To prevent consent falsification, disable the public API for consents and use only the private API group when authenticating to the tracking API.

Asynchronous event tracking

Event tracking in the JS SDK is asynchronous. If you need to track a consent event before page navigation or form submission, use the successCallback parameter of the SDK's track method to wait until the event is successfully tracked before redirecting.

Example of a valid consent event

{
    "customer_ids": {
        "registered": "user12345" // choose which IDs to use for identification
    },
    "event_type": "consent",
    "timestamp": 1528114618,
    "properties": {
      "action": "accept",
      "category": "weekly_newsletters_from_web",
      "valid_until": "unlimited",
      "message": "This consent was tracked from landing page" // additional attribute
    }
}

Batch imports

You can load consents in bulk by connecting the platform to your existing database or uploading a CSV file.

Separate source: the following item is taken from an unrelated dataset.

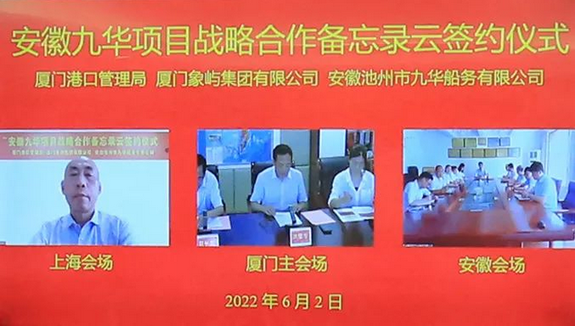 6月2日,象嶼集團(tuán)與廈門港口管理局、安徽池州市九華船務(wù)有限公司“云端”簽署戰(zhàn)略合作備忘錄,三方攜手在船舶建造、運(yùn)輸經(jīng)營、船舶融資、要素聚集等領(lǐng)域深挖合作空間,共同推進(jìn)廈門港口航運(yùn)事業(yè)做大做強(qiáng),助力廈門港口高質(zhì)量發(fā)展。廈門港口管理局黨組書記、局長夏長文,象嶼集團(tuán)黨委書記、董事長張水利,安徽九華船務(wù)董事長王國年等出席簽約儀式。

When importing, you must include the required attributes. Set up API tracking first, then import your historical consents with a timestamp just before API tracking started—this helps distinguish them.

For new subscriptions and ongoing events, use double_opt_in events together with a scenario to capture consent.

Example CSV import

action,category,valid_until,timestamp,customer_id
reject,weekly_newsletter,unlimited,1522158555,[email protected]
accept,weekly_newsletter,unlimited,1522156555,[email protected]
accept,push_notification,1522112345,1522152855,[email protected]

Manual updates in the app

You can manually grant or revoke consent for individual customers in the customer view.

Go to Data & Assets > Customers, click on a customer, then click Consents. From there, you can view and update their consent status for each category.

Customer identification

To learn how customers are identified, how hard and soft IDs differ, and how to merge multiple IDs into one, see the Customer Identification article.